FIGURE 10.6. Neural ensemble recordings in freely licking rats and mice.

FIGURE 10.6

Neural ensemble recordings in freely licking rats and mice. A. Design for a custom-made beam lickometer for the mouse. A very thin photo-beam (black dot) is placed between a rectangular aperture, through which the mice can lick, and the sipper such that (more...)

  • Licking is a highly rhythmic and stereotypic behavior, during which tastants are most often presented to the same areas of the oral cavity, making responses reproducible across events and sessions. On the contrary, when tastants are delivered through intraoral cannula, the oral surface of exposure to the presented liquid stimulus may vary not only due to differences in the site of cannula placement between animals but also due to lack of control of active oral movements even across events and sessions in the same animal. Thus, the reproducibility of chemosensory and somatosensory responses is lessened.
  • Licking allows for a unique methodology of controlling oral somatosensory stimulation: given its stereotypic nature, by having an animal first lick a dry sipper and then lick the same sipper to receive water and/or other tastants, somatosensory responses can be controlled and disambiguated from taste responses (Figure 10.5).
  • During tastant delivery through intraoral cannula, time of contact with the oral mucosa is somewhat uncertain. However, when rodents lick a sipper tube, the time of each lick can be accurately measured with 10 ms resolution. Temporal accuracy is important in elucidating gustatory processing because, as already mentioned, animals can detect and identify tastants in a very short time frame and, as we have shown (Stapleton, Lavine et al. 2006), neural responses are both sparse and time locked (Figure 10.7).
FIGURE 10.7. Gustatory cortex neuronal responses are sparse and time locked.

FIGURE 10.7

Gustatory cortex neuronal responses are sparse and time locked. Tuning profile of a GC neuron, across several concentrations of five different tastants (see Figure 10.5 for details on symbols). The firing rate of the cell is sparse, and spike trains exhibit (more...)

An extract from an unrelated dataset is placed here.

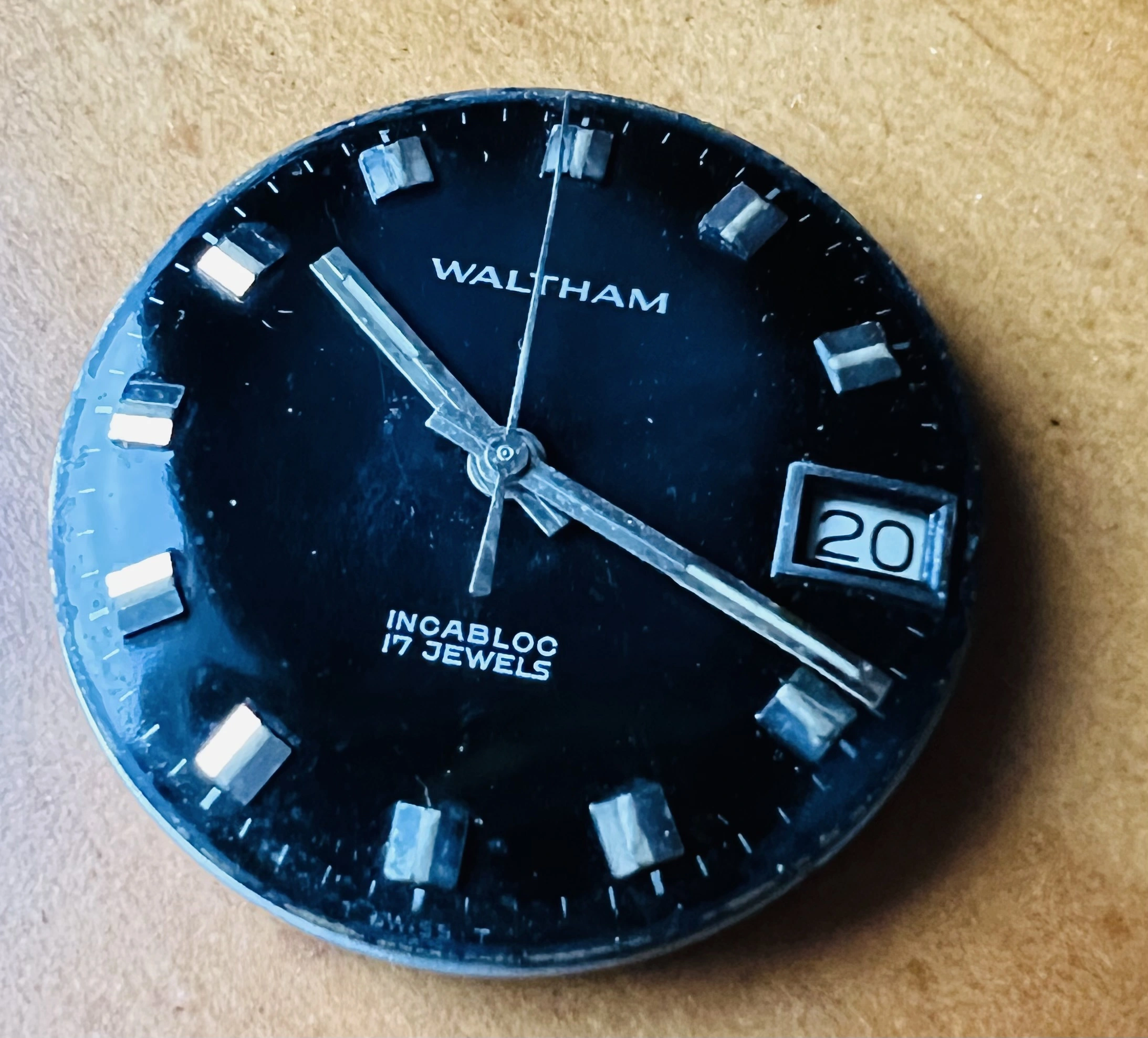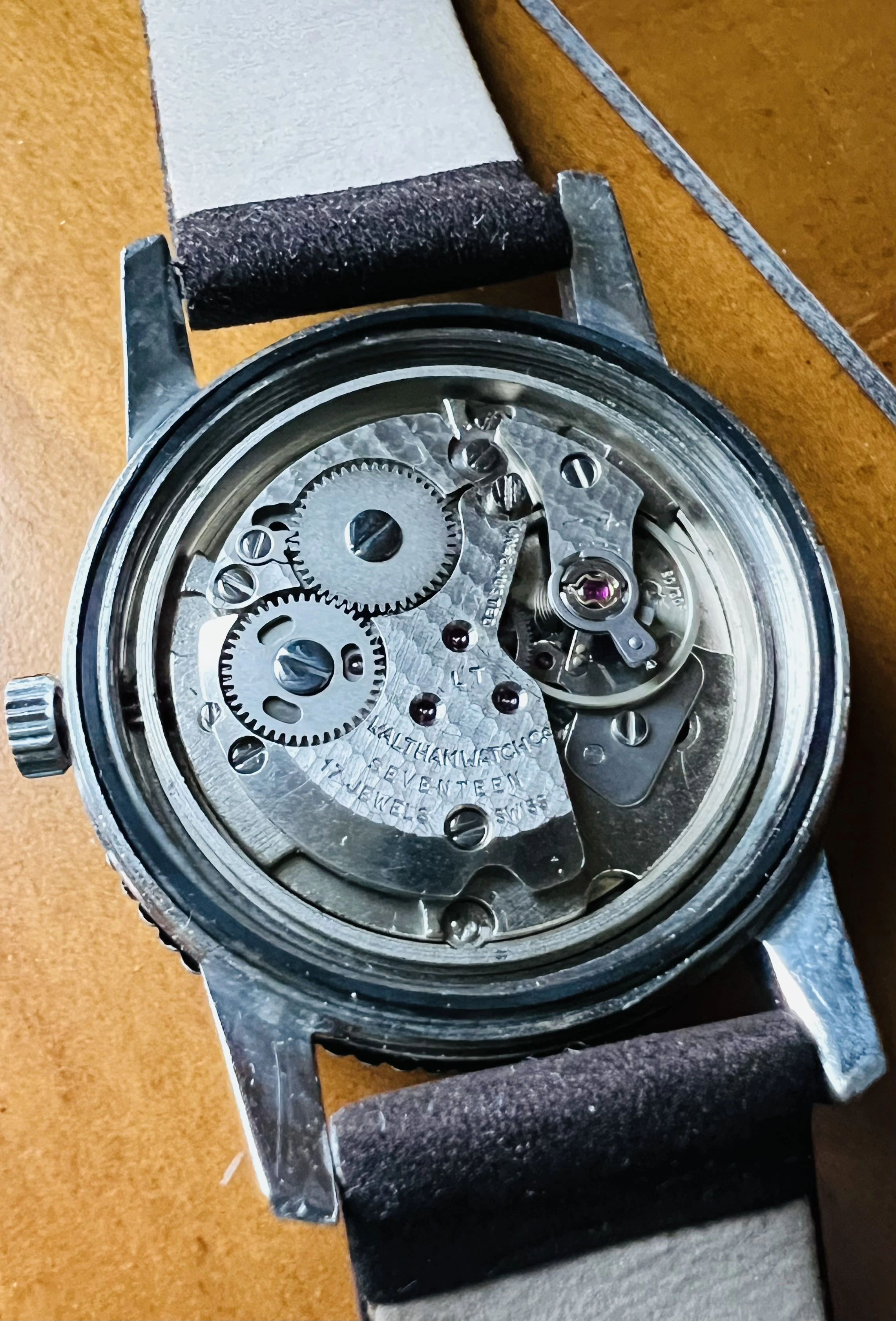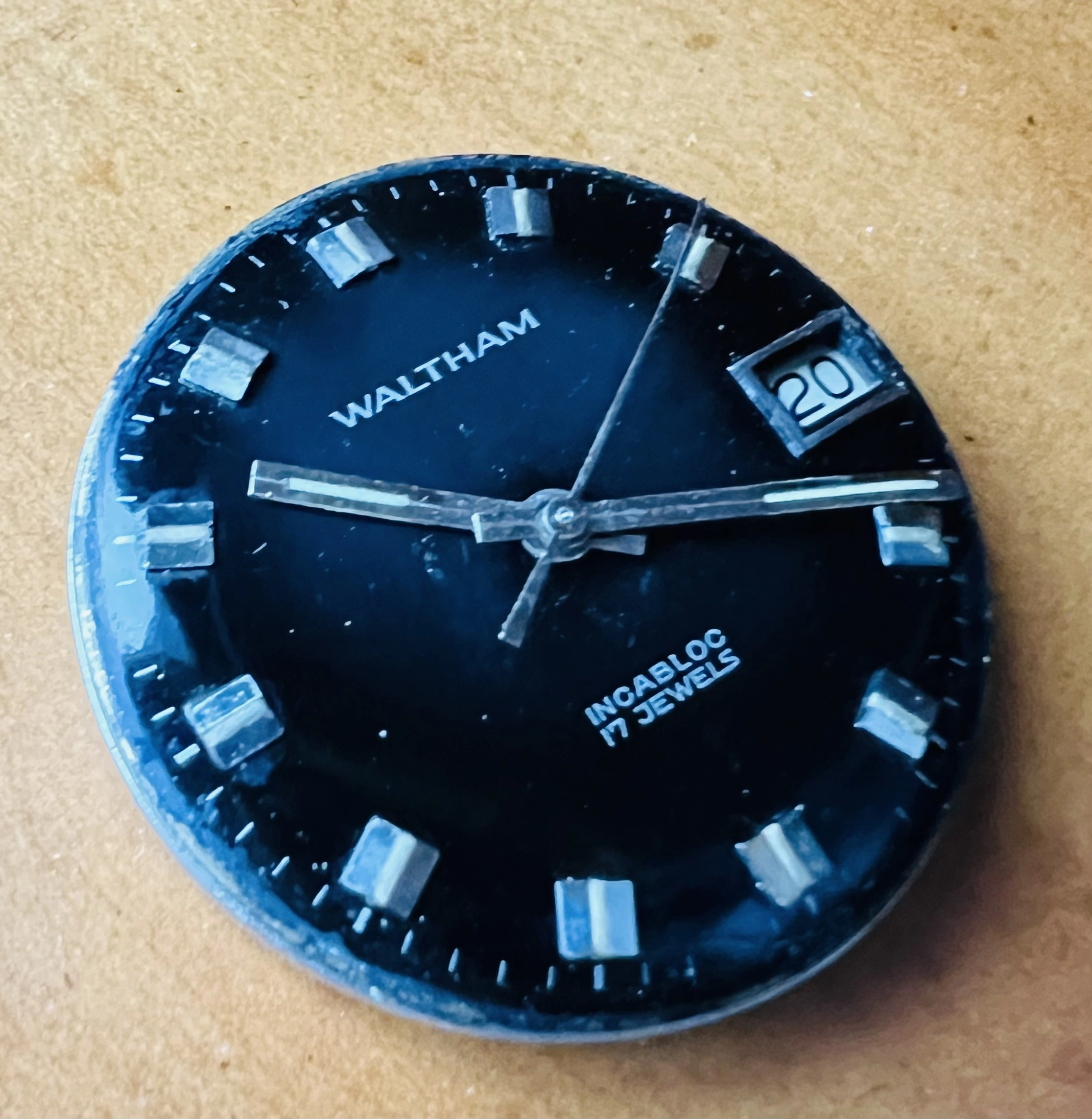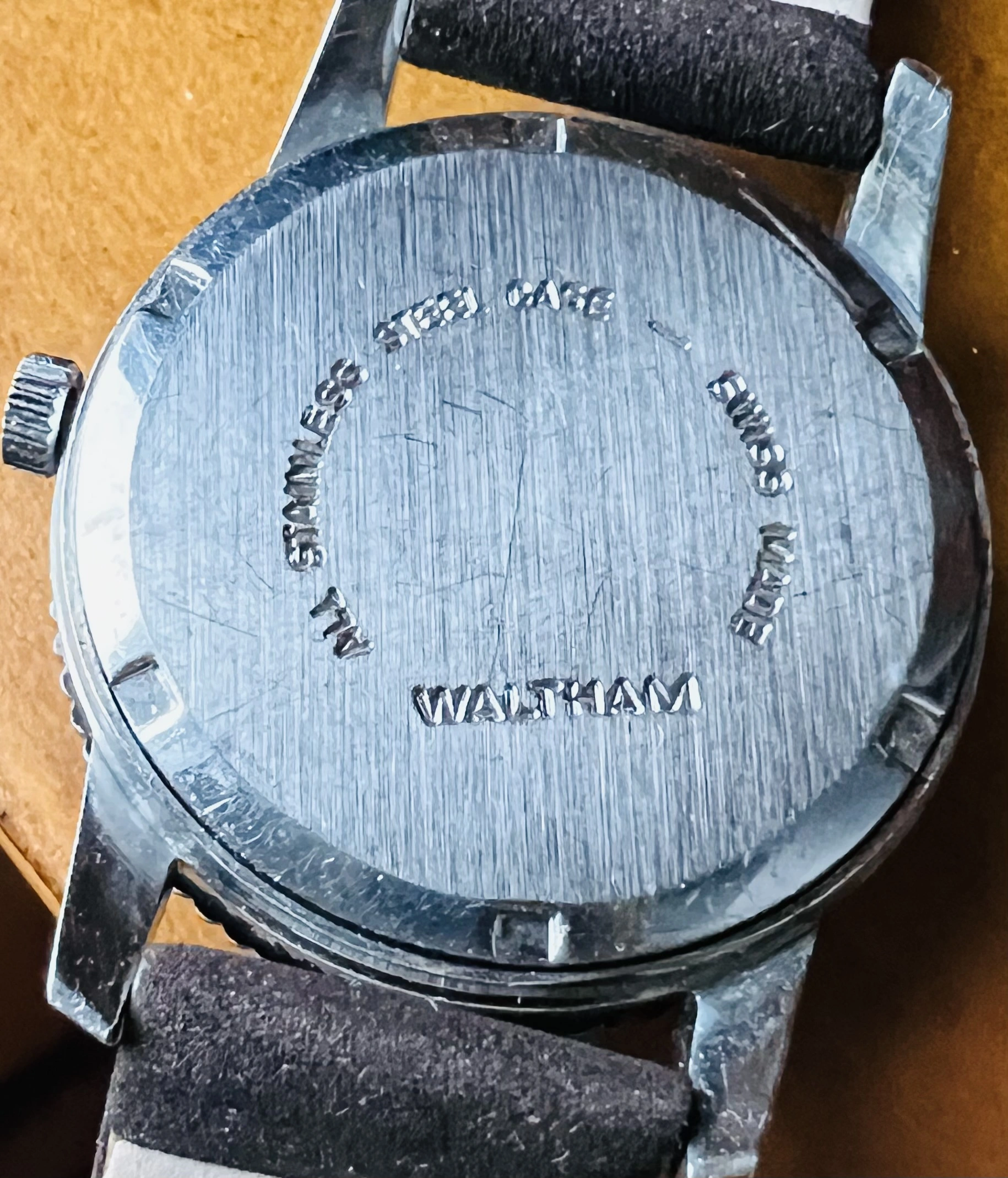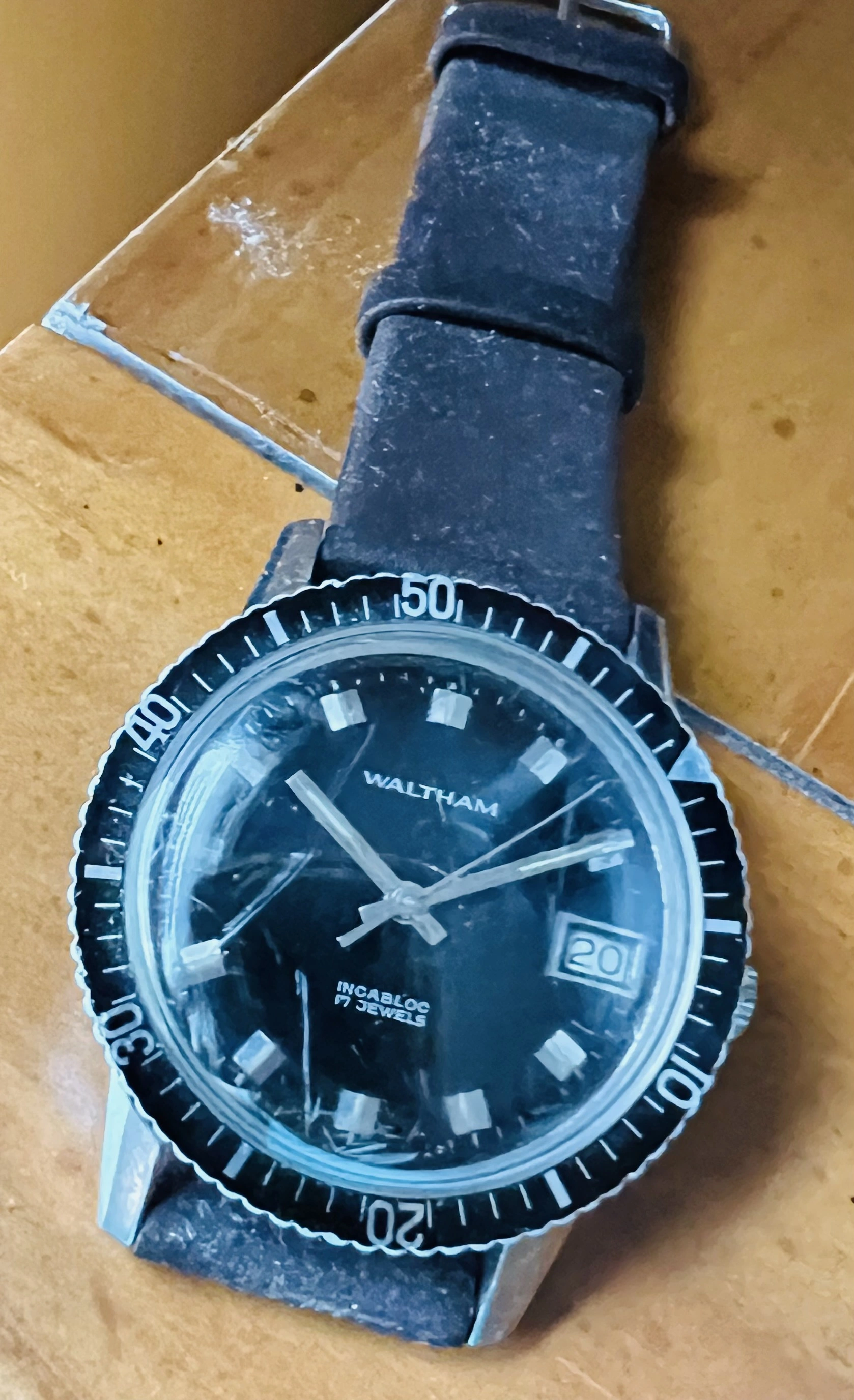 ·Up for sale is this reliable Waltham skin diver utilizing a 17j manual wind movement. The all stainless steel case is 36mm diameter with 18mm lug width and doesn’t appear to have been polished. The scratches are on the crystal as can be seen on the dial photos. The glossy black dial retains its original lume and has a mild pleasant patina. The bidirectional bezel has minimal wear. Although service history is unknown, the watch operates without issues. This would make an attractive daily wearer especially once the crystal is replaced. Price is $400 with free shipping within the CONUS. International buyers to discuss shipping.

  • Licking is a behavior in which animals engage naturally when they are motivated to drink. This implies that, when licking, the animal is actively focusing on this consummatory activity, an entirely different process than having food delivered to the mouth, as is done when liquids are delivered via intraoral cannula or in anesthetized preparations.
  • Measurements of licking can be used as an indirect behavioral index of preference and hunger/satiety. Therefore, when recording licking and electrophysiological events simultaneously and synchronously, neural activity can be correlated not only to purely sensory aspects of the licking task but also to the mentioned hedonic and motivation-related measurements.
  • Only small amounts of tastants are delivered in each single-lick cycle. Thus, many behavioral events, each representing a trial, can be obtained such that statistical inferences will have more weight than when only a few trials are obtained for each tastant.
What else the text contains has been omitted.